INFO [2025-11-04 18:06:51] Fetched 50000 entries
INFO [2025-11-04 18:07:03] Fetched 50000 entries
INFO [2025-11-04 18:07:10] Fetched 50000 entries
INFO [2025-11-04 18:07:15] Fetched 1199 entries
INFO [2025-11-04 18:07:16] 194,105 entries fetched across 500 trading days (elapsed: 97.46s)
INFO [2025-11-04 18:07:24] Saved raw data to data\raw\SPY_1min_20231103_20251103.csv.gz



SPY DataFrame shape: (194105, 6)
Columns: ['volume', 'open', 'high', 'low', 'close', 'caldt']

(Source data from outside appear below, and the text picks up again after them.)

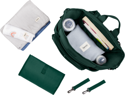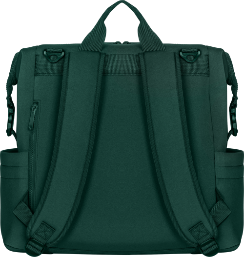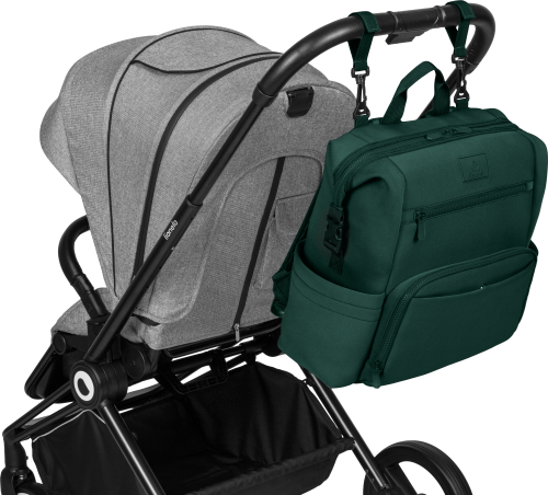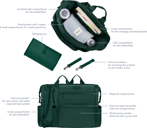 multifunkčný batoh na chrbát, na kočík alebo ako samostatný doplnok - vrecko na prebaľovanie môže slúžiť na tablet alebo notebook vyrobené z pevného nepremokavého neoprénu je možné prať v práčke rozmery: 36 x 36 x 23 cm zapínanie na zips 12 praktických vreciek a priehradok odmietateľné univerzálne pripevnenie k akémukoľvek modelu kočíka pomocou praciek je možné zmenšiť veľkosť batohu tak, aby sa zmestil aj pod sedadlo v lietadle
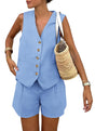 - FEATURES: Womens Vest And Shorts Sets/ Casual Matching Sets For Women/ Button Front Tank Top For Women/ High Waisted Shorts With Pockets/ Sleeveless Two Piece Sets For Women/ V Neck Vest Waistcoat For Women/ Summer outfits For Women/ 2 Piece Shorts Set For Women
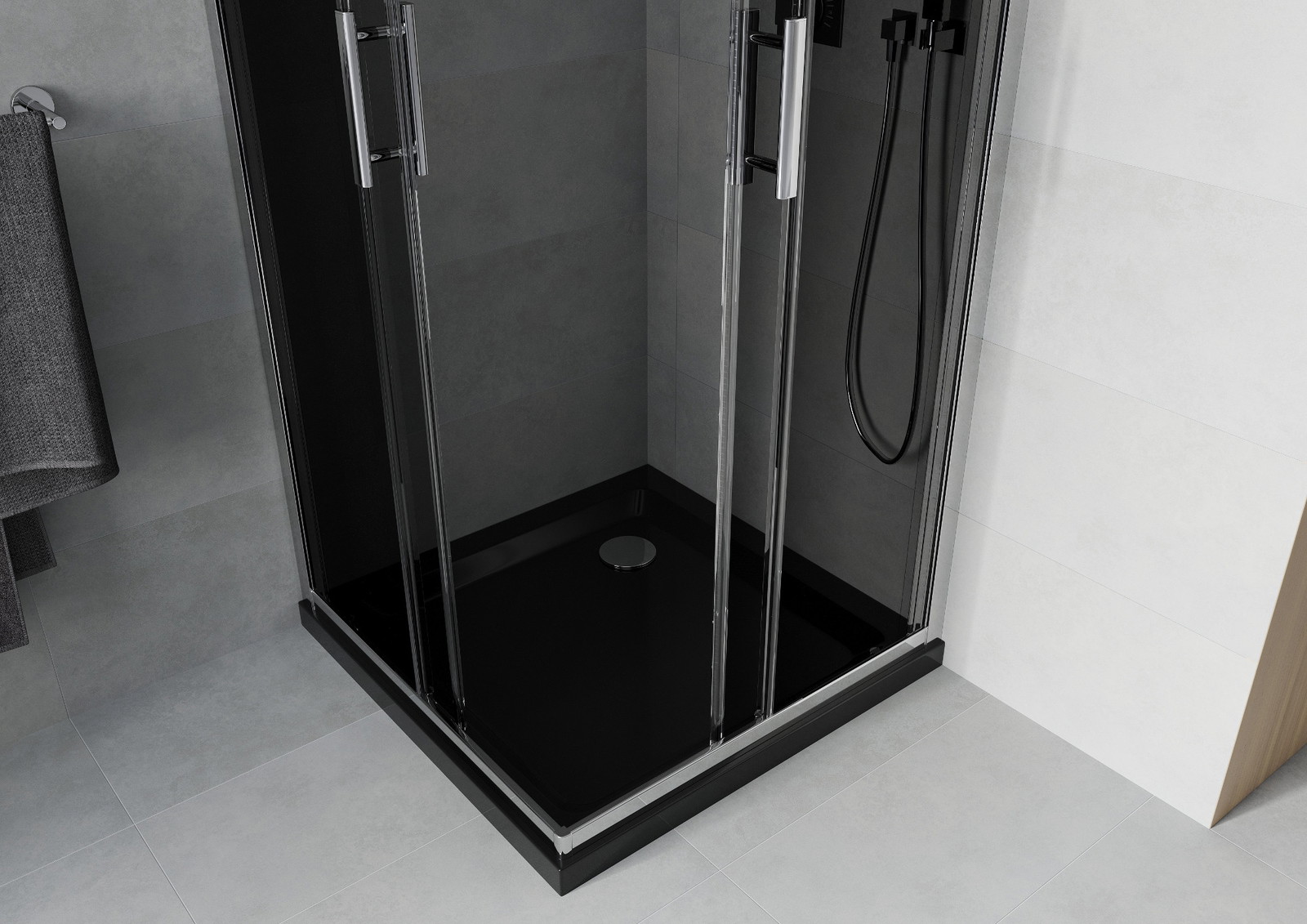 Mexen Rio kvadratinė dušo kabina 90 x 90 cm, grafitas, chromas + Flat dušo padėklas, juodas - 860-090-090-01-40-4070
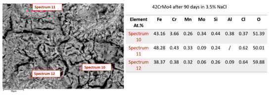 Figure 9 presents the SEM images and elemental composition (marked spots, Spectra 10–12) of 42CrMo4 steel after 90 days of exposure to corrosive media. Compared to the initial chemical and elemental compositions (Table 1 and Figure 6), the contents of Fe and O show lower levels, while molybdenum has been detected for the first time, with small levels of impurities such as Mn, Si, and Al. Notably, chlorine levels increased significantly, reflecting the impact of saline solution exposure. The results reveal serious surface degradation with deep cracks and confirm the formation of corrosion products. Microstructural observation of the SEM image reveals a highly cracked and porous surface, an extensive layer of oxide, and evident spalling of corrosion products. The pattern of cracks and pores suggests that the oxide layer is non-protective and prone to further corrosion, allowing the penetration of Cl. EDS analyses of Spectra 11 and 12 reveal a highly oxidized region, most likely composed of ferous oxides, hydroxides and oxyhydroxides. This is indicated by the contents of Fe (48.28 at.% and 38.37 at.%, respectively), which is lower than that of the uncorroded composition, and the contents of O (50.01 at.% and 59.88 at.%), which is higher than that of the uncorroded composition. These contents confirm significant metal loss and heavy oxidation. Additionally, the presence of Cl (0.62 at.% and 0.64 at.%, respectively) suggests a strong chloride-induced corrosion attack. The significant amount of Cr (3.66 at.%, Spectrum 10) and a noticeable amount of Mo (0.34 at.%) may indicate the potential formation of protective chromium oxides and molybdate compounds, which can act as corrosion inhibitors [49,50,51]. The presence of Cl suggests some chloride attack, while the presence of Cr and Mo indicates the formation of a protective passive layer, which enhances corrosion resistance.
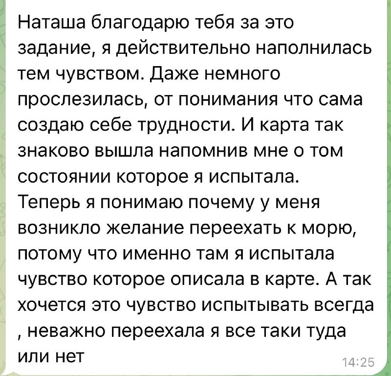 Я сама создаю себе трудности... И теперь понимаю, что желание уехать к морю — это на самом деле стремление снова почувствовать то состояние, в котором мне было по-настоящему хорошо. И, возможно, это чувство можно вернуть — не уезжая вовсе.
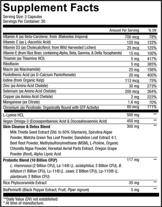 Clearface Pantothenic Acid, Niacin Supplement, Vitamins A, C, D3, E, FloraFIT Probiotics, Zinc, Riboflavin, Thiamin, L-Lysine HCL and Omega-3, Niacinamide, Skin Botanical Blend - Non-GMO - 90 Capsules
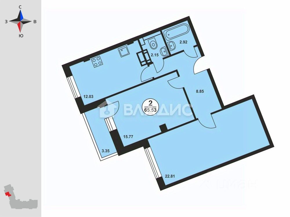 Квартира общей площадью 58,2 кв. м., расположена на 9м этаже 12ти этажной секции.
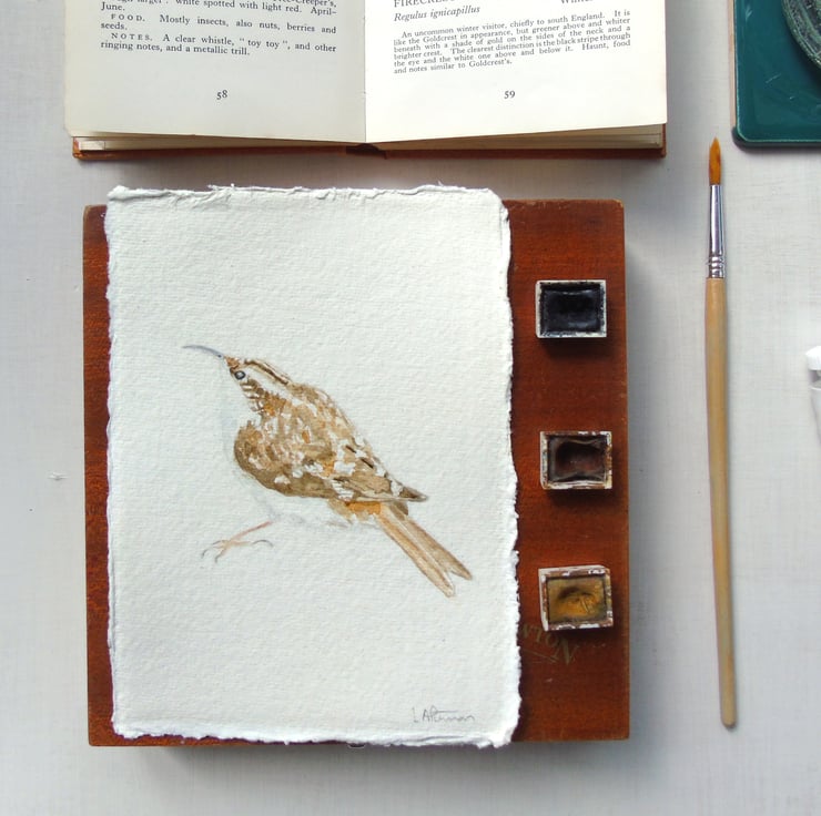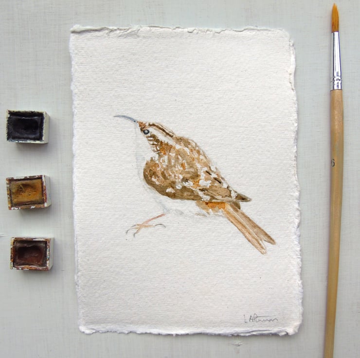 Unframed original watercolour painting of a treecreeper, quite comical birds to observe as they scuttle up one tree trunk to the next. One of a set of four original paintings inspired by visits to a bird hide near Bamburgh in Northumberland.
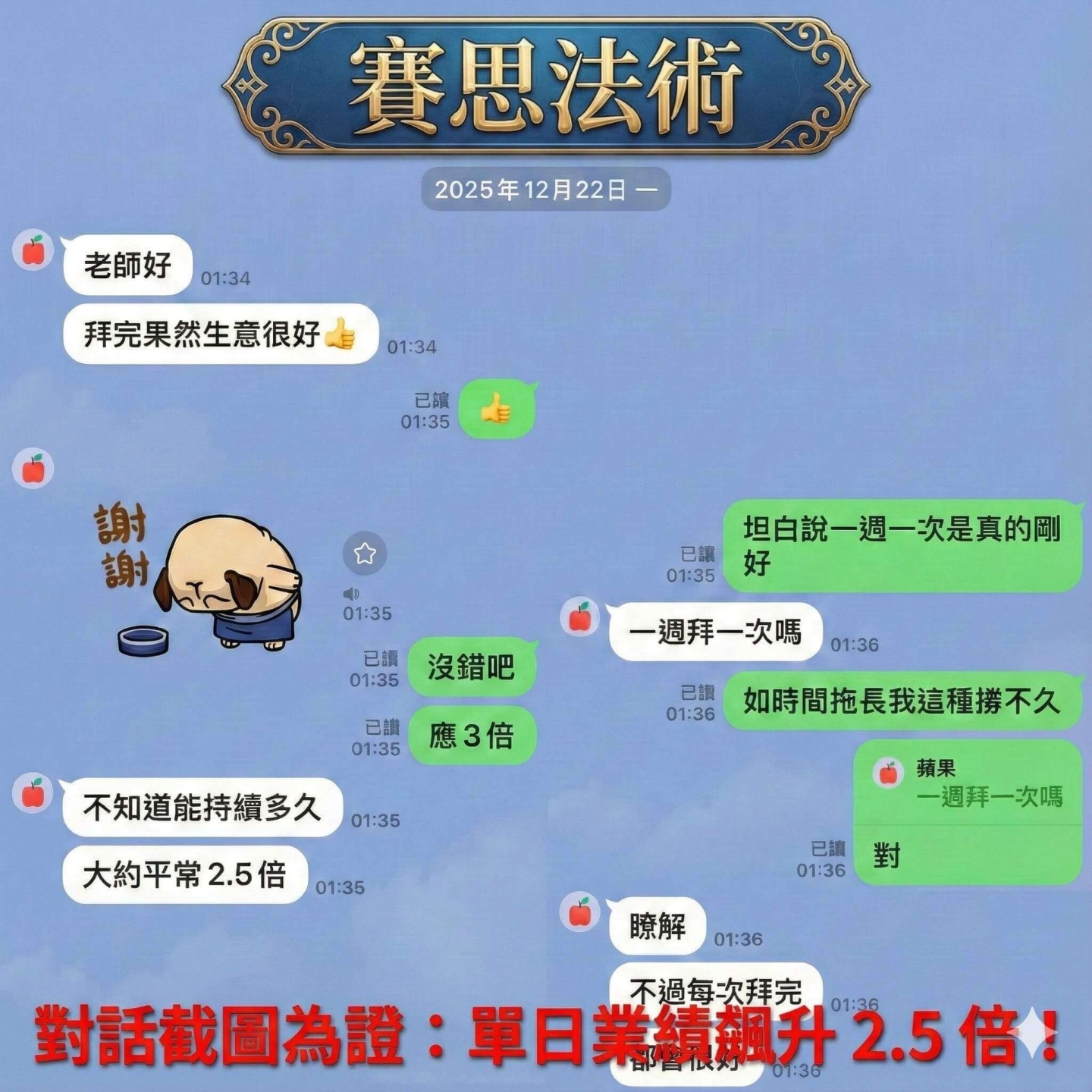 圖說: 客戶與賽思老師的真實對話記錄。從原本的例行拜拜,到老師施法加持後的業績爆發,數據會說話。

Metadata: {'ticker': 'SPY', 'start_date': '2023-11-03', 'end_date': '2025-11-03', 'period': 'minute', 'source': 'polygon', 'entries': 194105, 'trading_days': 500, 'fetched_at': '2025-11-04 18:07:24', 'elapsed_seconds': 97.46, 'filepath': 'C:\\Users\\simo0\\Documents\\GitHub\\intraday-momentum\\data\\raw\\SPY_1min_20231103_20251103.csv.gz'}


Unnamed: 0,volume,open,high,low,close,caldt
0,960246.0,435.47,436.14,435.46,436.125,2023-11-06 09:30:00
1,361691.0,436.13,436.1498,435.95,436.03,2023-11-06 09:31:00
2,193663.0,436.02,436.07,435.73,435.74,2023-11-06 09:32:00
3,203217.0,435.75,435.79,435.59,435.74,2023-11-06 09:33:00
4,172073.0,435.74,435.79,435.65,435.75,2023-11-06 09:34:00


### 3. Fetch VIX Daily Data

Fetch daily closing data for VIX using Yahoo Finance (last 2 years).


In [3]:
vix_df, vix_metadata = loader.fetch_yahoo_data('^VIX', start_date, end_date, 'day')
print(f"\nVIX DataFrame shape: {vix_df.shape}")
print(f"Columns: {vix_df.columns.tolist()}")
print(f"\nMetadata: {vix_metadata}")
vix_df.head()


INFO [2025-11-04 18:12:25] Fetching ^VIX from Yahoo Finance: 2023-11-03 → 2025-11-03 (day)
INFO [2025-11-04 18:12:26] 500 entries fetched across 500 trading days (elapsed: 1.05s)
INFO [2025-11-04 18:12:26] Saved raw data to data\raw\^VIX_1day_20231103_20251103.csv



VIX DataFrame shape: (500, 6)
Columns: ['volume', 'open', 'high', 'low', 'close', 'caldt']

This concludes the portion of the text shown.